SUNY skeleton gets another life

4/28/2022

By Patsy Nicosia

SUNY skeleton gets another life

How many bones in a horse skeleton?
Two hundred and five.
Give or take, if you ask SUNY Cobleskill Animal Sciences and Honors Program students Alexandra Delvecchio and Marta Suska.
Ms. Suska graduates in December; Ms. Delvecchio will graduate in May.
Together, as part of their senior capstone Honors project, the two spent a semester reassembling the bones of a 15-year-old Thoroughbred gelding euthanized at the college in 2016.
They hope the skeleton—nicknamed Smelly Skelly because it was and that got them kicked out of their original worksite in the campus library—will be a valuable hands-on tool for students studying anatomy.
Jennifer Anderson and Mercedes Herandez began work on Skelly in 2019 after rescuing the bones from a wheelbarrow in the college Hangar and began labeling them.
“The first time I saw the bones, I knew I had my Honors Project,” Ms. Delvecchio said Friday while being interviewed for a promotional piece on SUNY Cobleskill’s Honors Program.
But neither she nor Ms. Suska expected it to be all time-consuming; when they wired the last bone in place, they just started sweeping up, too exhausted for the celebration they’d promised themselves.
Five months later, they’re still a little overwhelmed by what they were able to pull off.
“It probably was too much to do in just a semester,” Ms. Suska said, “but we just dug in. No way were we going to leave it to someone else to finish.

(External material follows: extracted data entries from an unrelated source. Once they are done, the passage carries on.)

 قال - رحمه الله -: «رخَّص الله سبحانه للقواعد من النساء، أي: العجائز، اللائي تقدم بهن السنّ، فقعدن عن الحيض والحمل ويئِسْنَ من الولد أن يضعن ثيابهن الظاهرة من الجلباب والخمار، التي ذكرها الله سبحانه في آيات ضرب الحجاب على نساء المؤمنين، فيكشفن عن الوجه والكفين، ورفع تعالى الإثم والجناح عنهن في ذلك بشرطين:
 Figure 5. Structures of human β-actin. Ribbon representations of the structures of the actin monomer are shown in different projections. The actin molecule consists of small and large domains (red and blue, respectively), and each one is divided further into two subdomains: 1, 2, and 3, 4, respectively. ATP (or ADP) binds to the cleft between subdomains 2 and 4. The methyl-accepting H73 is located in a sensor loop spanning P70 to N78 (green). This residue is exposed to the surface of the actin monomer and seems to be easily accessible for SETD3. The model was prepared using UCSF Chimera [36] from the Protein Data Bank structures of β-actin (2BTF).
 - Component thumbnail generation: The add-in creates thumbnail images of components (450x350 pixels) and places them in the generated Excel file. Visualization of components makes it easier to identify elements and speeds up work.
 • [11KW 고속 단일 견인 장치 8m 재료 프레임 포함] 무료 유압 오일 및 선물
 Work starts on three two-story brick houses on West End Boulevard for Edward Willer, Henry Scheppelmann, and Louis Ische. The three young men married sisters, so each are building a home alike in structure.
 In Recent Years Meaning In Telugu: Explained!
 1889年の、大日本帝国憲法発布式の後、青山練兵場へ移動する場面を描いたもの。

“We just about lived here. There were nights Campus Security checked in to make sure we were OK.”
“We knew it was going to be hard,” added Ms. Delvecchio. “We just didn’t see the kind of problems we’d have to deal with.”

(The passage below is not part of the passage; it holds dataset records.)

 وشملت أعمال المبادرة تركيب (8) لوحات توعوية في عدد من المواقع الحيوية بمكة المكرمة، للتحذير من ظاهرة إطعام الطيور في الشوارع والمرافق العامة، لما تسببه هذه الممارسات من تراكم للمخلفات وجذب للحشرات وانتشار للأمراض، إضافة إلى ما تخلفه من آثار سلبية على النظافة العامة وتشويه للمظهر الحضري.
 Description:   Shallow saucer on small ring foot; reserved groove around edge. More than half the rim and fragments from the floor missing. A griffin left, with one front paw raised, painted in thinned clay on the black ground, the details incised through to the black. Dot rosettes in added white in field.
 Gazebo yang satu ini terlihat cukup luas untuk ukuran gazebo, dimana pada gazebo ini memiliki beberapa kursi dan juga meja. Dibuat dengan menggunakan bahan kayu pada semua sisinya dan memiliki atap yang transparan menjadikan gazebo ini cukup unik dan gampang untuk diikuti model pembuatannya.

Among them: Figuring out how to hang Skelly and how to compensate for the sheer weight of the skeleton’s head.
Skelly’s origins took a bit of detective work—and there are still unanswered questions--but the two women said his remains were composted along with those of other livestock.
That’s why, at one point, they had more bones than they needed; it turns out some of them came from cows.

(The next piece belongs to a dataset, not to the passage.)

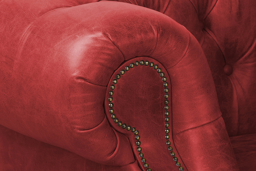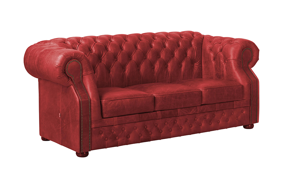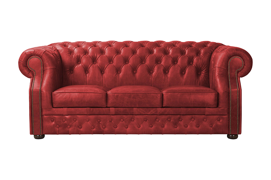 Sofa skórzana trzyosobowa czerwona Chesterfield Manchester - ROYAL SOFA
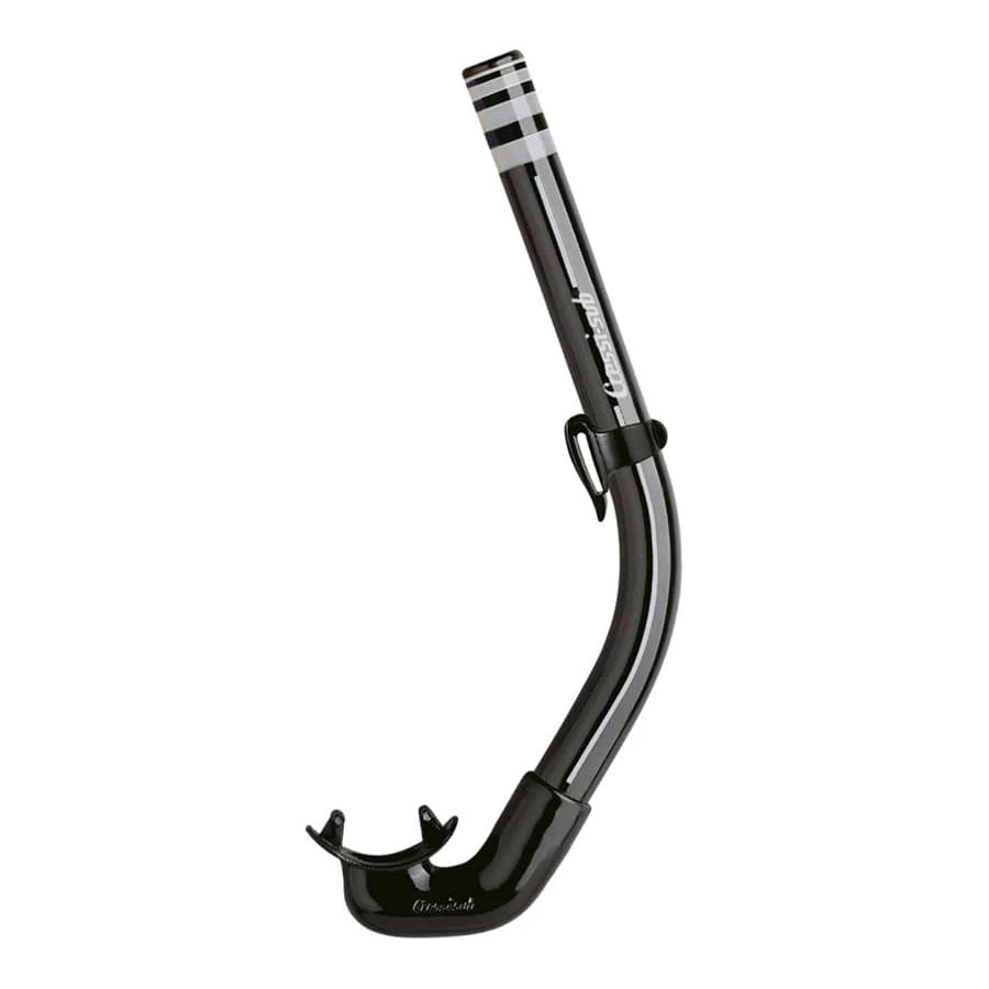 Der Schnorchel Cressi America ist ein anatomisch geformter Schnorchel, der sich dem Gesichtsprofil anpasst, ohne zu verkanten und ohne die Hydrodynamik zu beeinträchtigen. Der Durchmesser ist großzügig und die moderate Gesamtlänge ermöglicht ein einfaches Entleeren und Entlüften. Dieser Schlauch ist flexibel und unzerbrechlich, da er keine starren Teile hat, die brechen können. Das Silikon-Mundstück ist bequem und kieferorthopädisch geformt für eine komfortable und lang anhaltende Nutzung.

One of the hardest pieces of the project, they said, was bleaching the badly-discolored bones.
That required required copious amounts of peroxide from a Sally’s Beauty--something that didn’t raise an eyebrow when they went shopping.
Though the bones had been labeled, the labels came off during the bleaching process; in some ways, it was like starting over.
“That was pretty frustrating,” Ms. Suska said.
Once they figured out where the bones went again, it was back to the store—Agway this time; again, no eyebrows were raised.
“We just told the guy what we needed, what we were trying to do and he said ‘Follow me’,” Ms. Delvecchio said.
They also turned to taxidermy experts in the Fisheries & Wildlife Department for advice.
“One of the things we really pride ourselves on here is working between disciplines,” said Kelly Yacobucci, director of the Honors Program.
“These girls certainly did that. They’re the cream of the crop.”
Ms. Delvecchio has been accepted at the Ross University School of Veterinary Medicine and Ms. Suska is still trying to decide between a career in animal sciences or maybe nutrition.
Their Skelly predecessors are vet students at Cornell University and Ohio State.